## Aim of the task
Please give back every entry in full, word for word, but none of the pictures.

## Given data
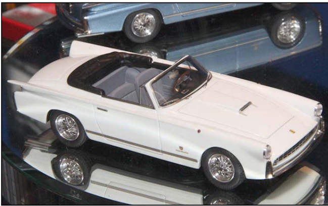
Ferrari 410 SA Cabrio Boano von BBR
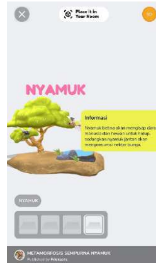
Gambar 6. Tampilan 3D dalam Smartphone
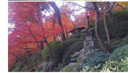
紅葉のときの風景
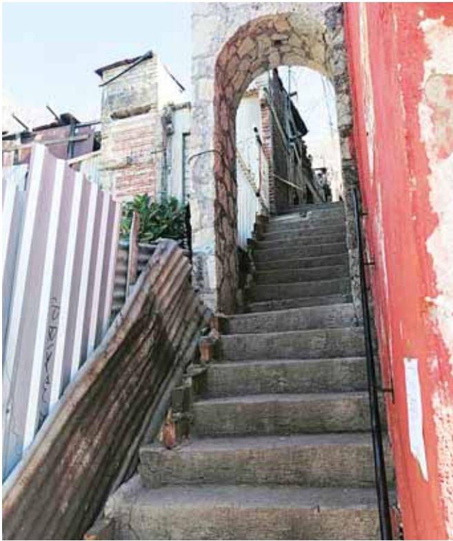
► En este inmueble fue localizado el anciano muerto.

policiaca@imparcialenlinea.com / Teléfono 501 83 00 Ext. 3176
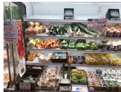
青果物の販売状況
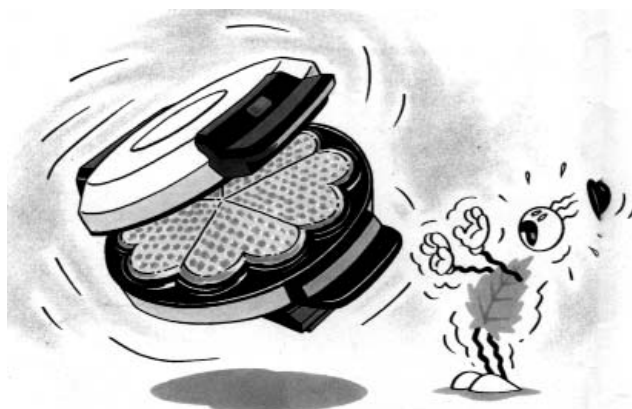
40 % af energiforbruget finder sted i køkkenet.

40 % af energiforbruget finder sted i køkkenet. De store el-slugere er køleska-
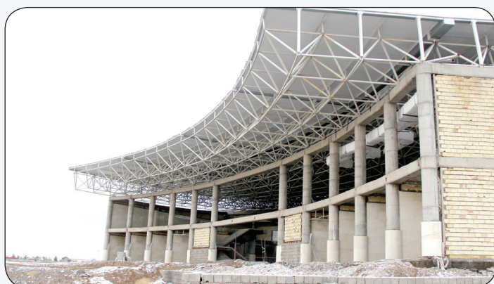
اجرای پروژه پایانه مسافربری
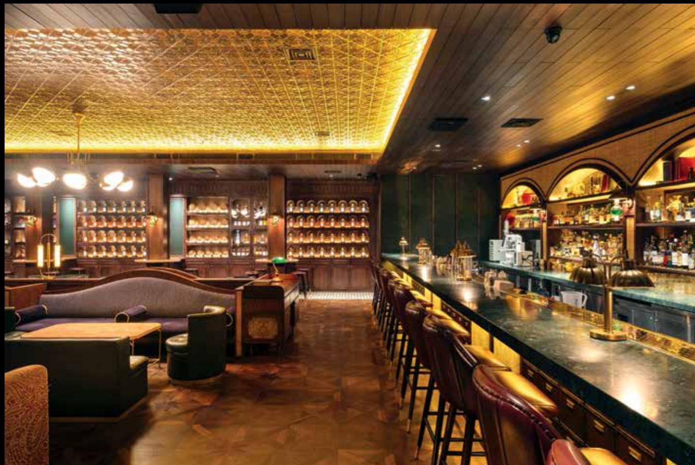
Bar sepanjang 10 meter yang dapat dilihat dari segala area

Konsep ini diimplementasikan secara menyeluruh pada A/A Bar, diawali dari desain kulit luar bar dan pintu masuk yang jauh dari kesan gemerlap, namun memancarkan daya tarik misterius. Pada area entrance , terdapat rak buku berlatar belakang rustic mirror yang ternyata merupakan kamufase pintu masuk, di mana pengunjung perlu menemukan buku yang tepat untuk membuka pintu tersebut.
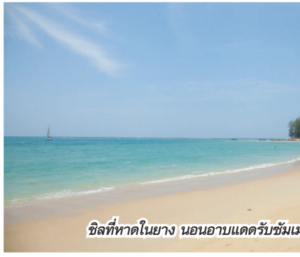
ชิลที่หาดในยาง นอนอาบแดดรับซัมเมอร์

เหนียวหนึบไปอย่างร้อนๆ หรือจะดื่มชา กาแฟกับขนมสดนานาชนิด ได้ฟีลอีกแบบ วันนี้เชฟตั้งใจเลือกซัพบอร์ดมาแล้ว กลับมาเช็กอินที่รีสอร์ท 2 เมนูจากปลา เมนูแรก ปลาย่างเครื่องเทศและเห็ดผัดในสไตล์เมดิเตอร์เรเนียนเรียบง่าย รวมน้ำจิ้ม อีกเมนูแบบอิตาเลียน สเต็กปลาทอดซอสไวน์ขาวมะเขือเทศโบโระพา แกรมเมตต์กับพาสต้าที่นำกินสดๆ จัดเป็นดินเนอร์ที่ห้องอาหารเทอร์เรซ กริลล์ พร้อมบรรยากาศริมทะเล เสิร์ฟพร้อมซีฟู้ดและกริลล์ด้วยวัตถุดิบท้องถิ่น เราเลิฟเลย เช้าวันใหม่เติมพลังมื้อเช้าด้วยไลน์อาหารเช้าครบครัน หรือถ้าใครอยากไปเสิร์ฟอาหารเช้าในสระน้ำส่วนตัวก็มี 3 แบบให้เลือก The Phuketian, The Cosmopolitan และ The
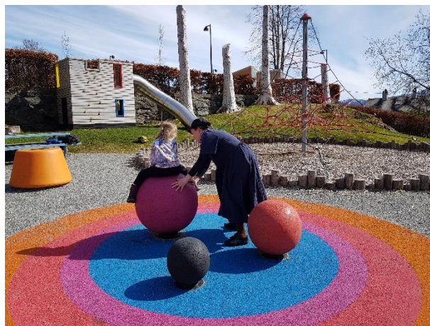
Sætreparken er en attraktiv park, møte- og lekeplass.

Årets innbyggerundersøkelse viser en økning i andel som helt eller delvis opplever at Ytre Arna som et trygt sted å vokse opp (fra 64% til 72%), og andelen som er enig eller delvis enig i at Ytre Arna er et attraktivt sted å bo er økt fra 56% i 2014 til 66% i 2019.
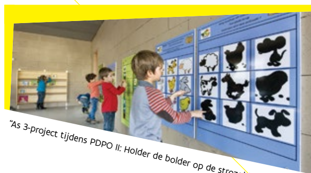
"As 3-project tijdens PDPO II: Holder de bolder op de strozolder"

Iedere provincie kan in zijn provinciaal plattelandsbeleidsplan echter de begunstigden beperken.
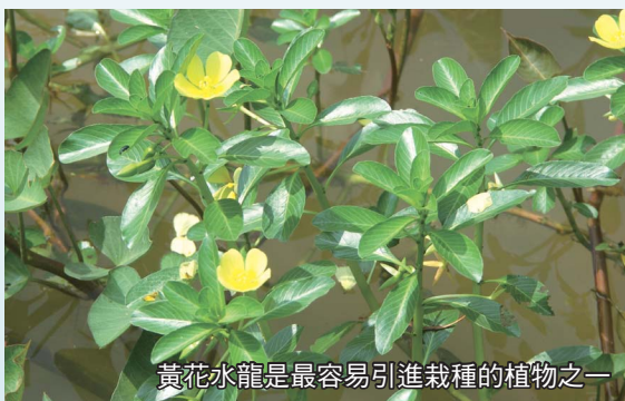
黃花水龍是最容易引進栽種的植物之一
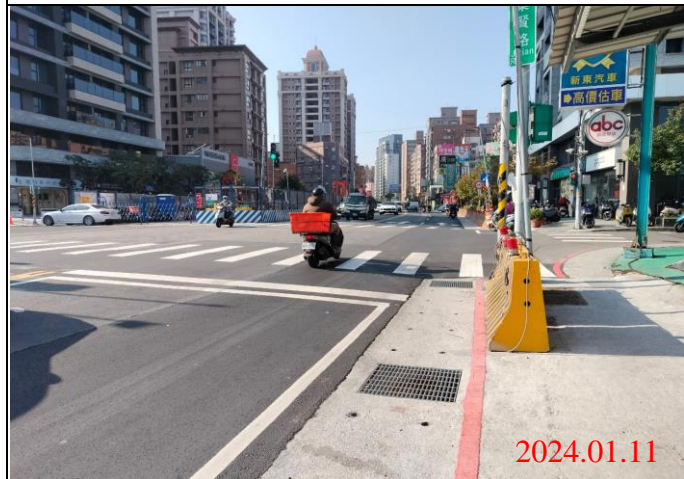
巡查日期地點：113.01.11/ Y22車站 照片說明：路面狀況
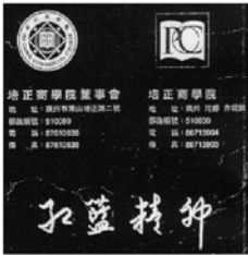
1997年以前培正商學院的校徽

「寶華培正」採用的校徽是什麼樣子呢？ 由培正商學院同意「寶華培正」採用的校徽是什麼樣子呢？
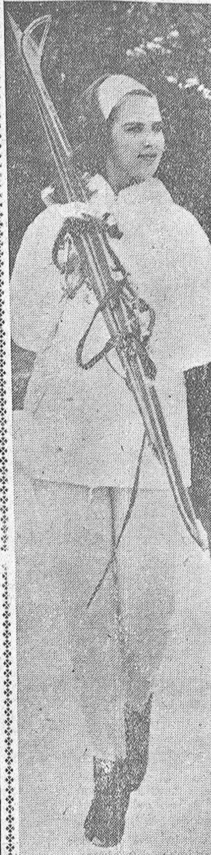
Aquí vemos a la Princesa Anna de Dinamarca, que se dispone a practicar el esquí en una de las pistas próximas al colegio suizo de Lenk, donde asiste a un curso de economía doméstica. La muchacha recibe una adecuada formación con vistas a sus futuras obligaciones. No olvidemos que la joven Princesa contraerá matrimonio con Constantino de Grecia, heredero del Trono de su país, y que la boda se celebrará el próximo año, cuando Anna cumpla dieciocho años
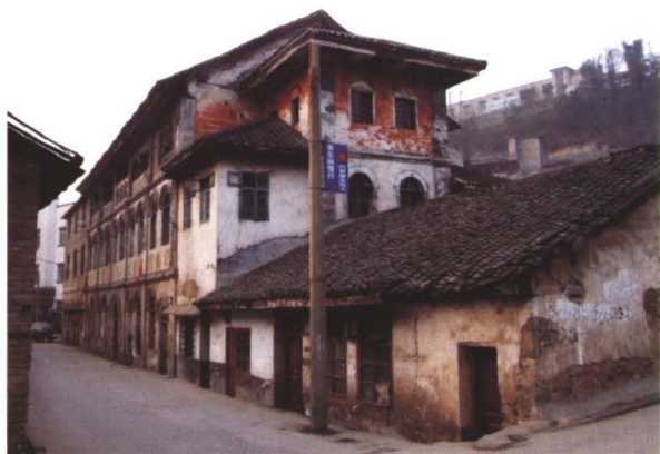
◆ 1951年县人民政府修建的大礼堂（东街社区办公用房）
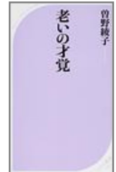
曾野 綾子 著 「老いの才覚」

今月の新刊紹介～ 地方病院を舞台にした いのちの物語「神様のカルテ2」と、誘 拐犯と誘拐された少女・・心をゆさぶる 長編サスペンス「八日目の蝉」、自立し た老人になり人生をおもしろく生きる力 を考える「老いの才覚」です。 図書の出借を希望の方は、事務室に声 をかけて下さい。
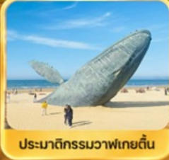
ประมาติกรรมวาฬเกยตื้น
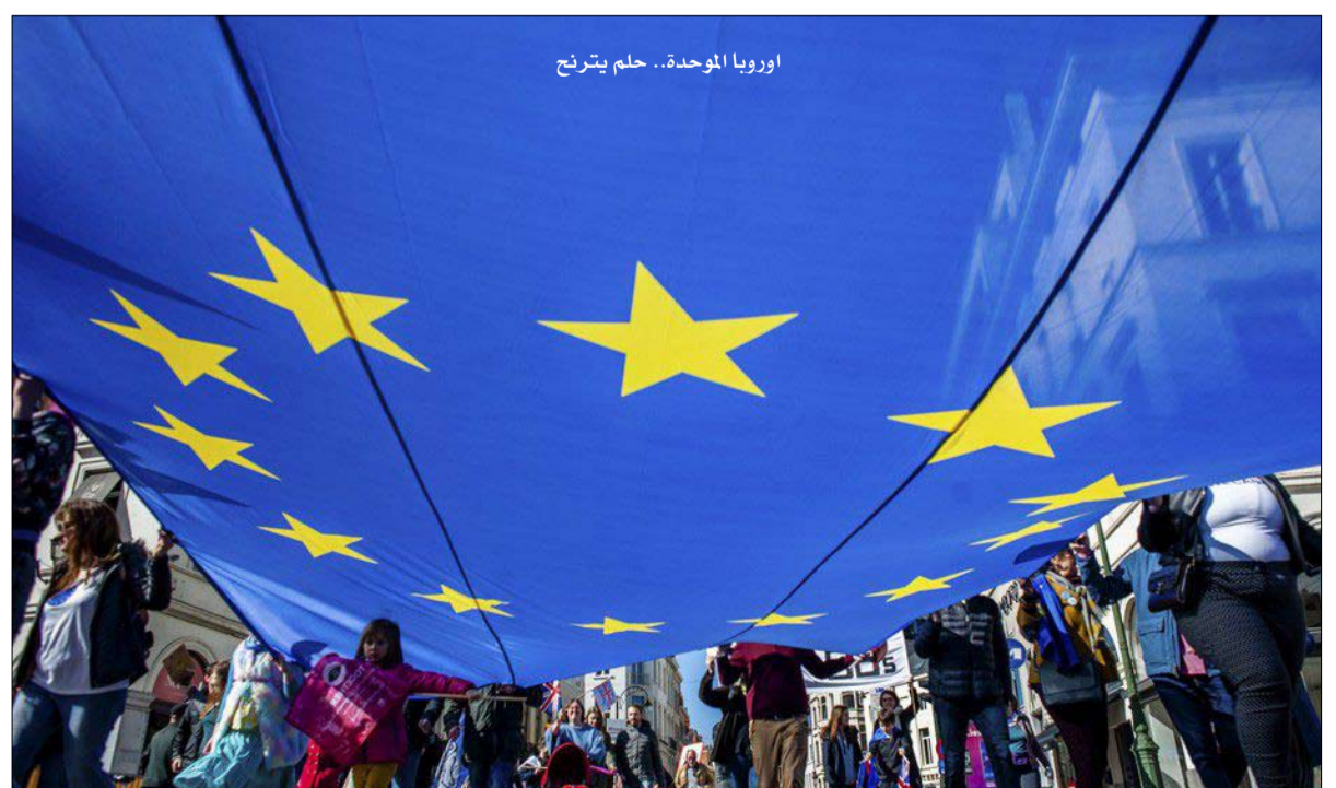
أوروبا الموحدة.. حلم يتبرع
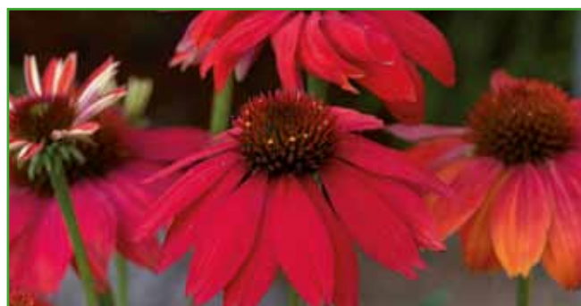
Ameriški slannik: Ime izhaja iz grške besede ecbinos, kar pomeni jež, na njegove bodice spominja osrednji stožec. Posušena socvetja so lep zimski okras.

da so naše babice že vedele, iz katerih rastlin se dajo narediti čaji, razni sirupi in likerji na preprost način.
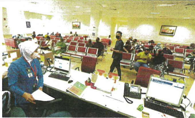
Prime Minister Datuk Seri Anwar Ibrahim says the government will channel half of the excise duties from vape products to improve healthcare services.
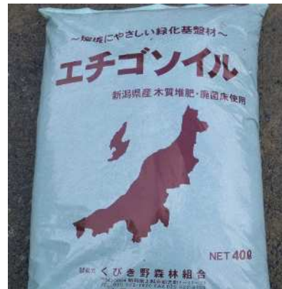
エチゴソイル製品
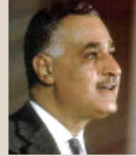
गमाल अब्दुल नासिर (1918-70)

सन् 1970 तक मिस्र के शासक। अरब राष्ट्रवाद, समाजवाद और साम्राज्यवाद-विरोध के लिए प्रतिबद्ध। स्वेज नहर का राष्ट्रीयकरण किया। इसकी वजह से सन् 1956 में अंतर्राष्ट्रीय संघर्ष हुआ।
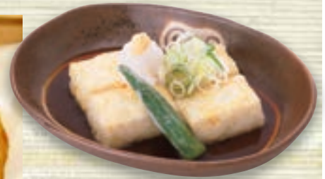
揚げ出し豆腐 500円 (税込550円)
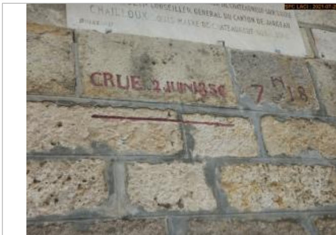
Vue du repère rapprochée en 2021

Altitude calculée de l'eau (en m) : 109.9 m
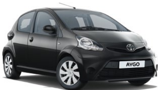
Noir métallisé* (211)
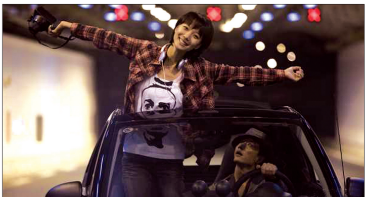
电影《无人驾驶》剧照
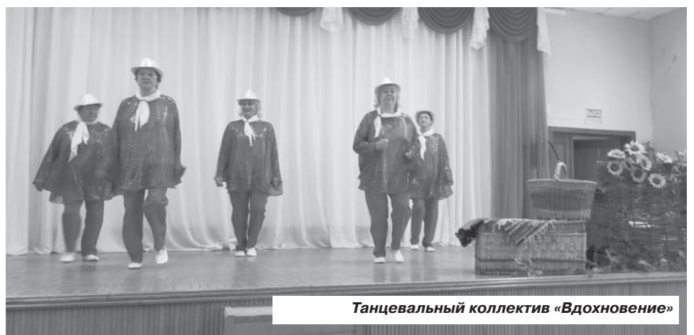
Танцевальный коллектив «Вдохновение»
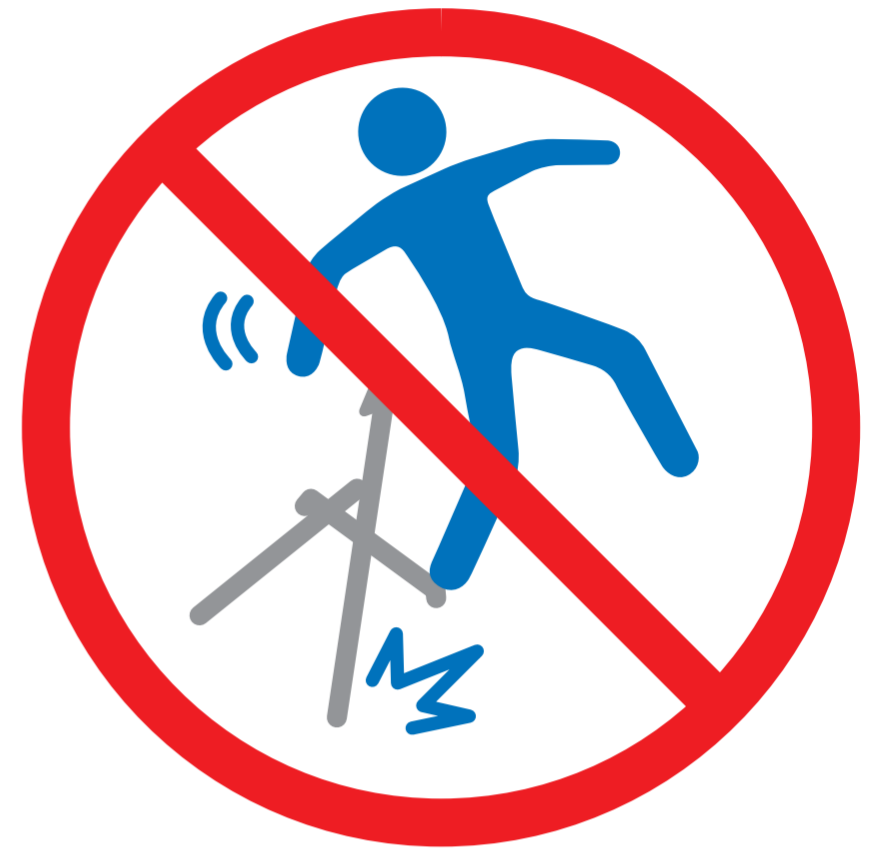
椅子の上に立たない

## Task response
Ferrari 410 SA Cabrio Boano von BBR
Gambar 6. Tampilan 3D dalam Smartphone
紅葉のときの風景
► En este inmueble fue localizado el anciano muerto.

policiaca@imparcialenlinea.com / Teléfono 501 83 00 Ext. 3176
青果物の販売状況
40 % af energiforbruget finder sted i køkkenet.

40 % af energiforbruget finder sted i køkkenet. De store el-slugere er køleska-
اجرای پروژه پایانه مسافربری
Bar sepanjang 10 meter yang dapat dilihat dari segala area

Konsep ini diimplementasikan secara menyeluruh pada A/A Bar, diawali dari desain kulit luar bar dan pintu masuk yang jauh dari kesan gemerlap, namun memancarkan daya tarik misterius. Pada area entrance , terdapat rak buku berlatar belakang rustic mirror yang ternyata merupakan kamufase pintu masuk, di mana pengunjung perlu menemukan buku yang tepat untuk membuka pintu tersebut.
ชิลที่หาดในยาง นอนอาบแดดรับซัมเมอร์

เหนียวหนึบไปอย่างร้อนๆ หรือจะดื่มชา กาแฟกับขนมสดนานาชนิด ได้ฟีลอีกแบบ วันนี้เชฟตั้งใจเลือกซัพบอร์ดมาแล้ว กลับมาเช็กอินที่รีสอร์ท 2 เมนูจากปลา เมนูแรก ปลาย่างเครื่องเทศและเห็ดผัดในสไตล์เมดิเตอร์เรเนียนเรียบง่าย รวมน้ำจิ้ม อีกเมนูแบบอิตาเลียน สเต็กปลาทอดซอสไวน์ขาวมะเขือเทศโบโระพา แกรมเมตต์กับพาสต้าที่นำกินสดๆ จัดเป็นดินเนอร์ที่ห้องอาหารเทอร์เรซ กริลล์ พร้อมบรรยากาศริมทะเล เสิร์ฟพร้อมซีฟู้ดและกริลล์ด้วยวัตถุดิบท้องถิ่น เราเลิฟเลย เช้าวันใหม่เติมพลังมื้อเช้าด้วยไลน์อาหารเช้าครบครัน หรือถ้าใครอยากไปเสิร์ฟอาหารเช้าในสระน้ำส่วนตัวก็มี 3 แบบให้เลือก The Phuketian, The Cosmopolitan และ The
Sætreparken er en attraktiv park, møte- og lekeplass.

Årets innbyggerundersøkelse viser en økning i andel som helt eller delvis opplever at Ytre Arna som et trygt sted å vokse opp (fra 64% til 72%), og andelen som er enig eller delvis enig i at Ytre Arna er et attraktivt sted å bo er økt fra 56% i 2014 til 66% i 2019.
"As 3-project tijdens PDPO II: Holder de bolder op de strozolder"

Iedere provincie kan in zijn provinciaal plattelandsbeleidsplan echter de begunstigden beperken.
黃花水龍是最容易引進栽種的植物之一
巡查日期地點：113.01.11/ Y22車站 照片說明：路面狀況
1997年以前培正商學院的校徽

「寶華培正」採用的校徽是什麼樣子呢？ 由培正商學院同意「寶華培正」採用的校徽是什麼樣子呢？
Aquí vemos a la Princesa Anna de Dinamarca, que se dispone a practicar el esquí en una de las pistas próximas al colegio suizo de Lenk, donde asiste a un curso de economía doméstica. La muchacha recibe una adecuada formación con vistas a sus futuras obligaciones. No olvidemos que la joven Princesa contraerá matrimonio con Constantino de Grecia, heredero del Trono de su país, y que la boda se celebrará el próximo año, cuando Anna cumpla dieciocho años
◆ 1951年县人民政府修建的大礼堂（东街社区办公用房）
曾野 綾子 著 「老いの才覚」

今月の新刊紹介～ 地方病院を舞台にした いのちの物語「神様のカルテ2」と、誘 拐犯と誘拐された少女・・心をゆさぶる 長編サスペンス「八日目の蝉」、自立し た老人になり人生をおもしろく生きる力 を考える「老いの才覚」です。 図書の出借を希望の方は、事務室に声 をかけて下さい。
ประมาติกรรมวาฬเกยตื้น
أوروبا الموحدة.. حلم يتبرع
Ameriški slannik: Ime izhaja iz grške besede ecbinos, kar pomeni jež, na njegove bodice spominja osrednji stožec. Posušena socvetja so lep zimski okras.

da so naše babice že vedele, iz katerih rastlin se dajo narediti čaji, razni sirupi in likerji na preprost način.
Prime Minister Datuk Seri Anwar Ibrahim says the government will channel half of the excise duties from vape products to improve healthcare services.
エチゴソイル製品
गमाल अब्दुल नासिर (1918-70)

सन् 1970 तक मिस्र के शासक। अरब राष्ट्रवाद, समाजवाद और साम्राज्यवाद-विरोध के लिए प्रतिबद्ध। स्वेज नहर का राष्ट्रीयकरण किया। इसकी वजह से सन् 1956 में अंतर्राष्ट्रीय संघर्ष हुआ।
揚げ出し豆腐 500円 (税込550円)
Vue du repère rapprochée en 2021

Altitude calculée de l'eau (en m) : 109.9 m
Noir métallisé* (211)
电影《无人驾驶》剧照
Танцевальный коллектив «Вдохновение»
椅子の上に立たない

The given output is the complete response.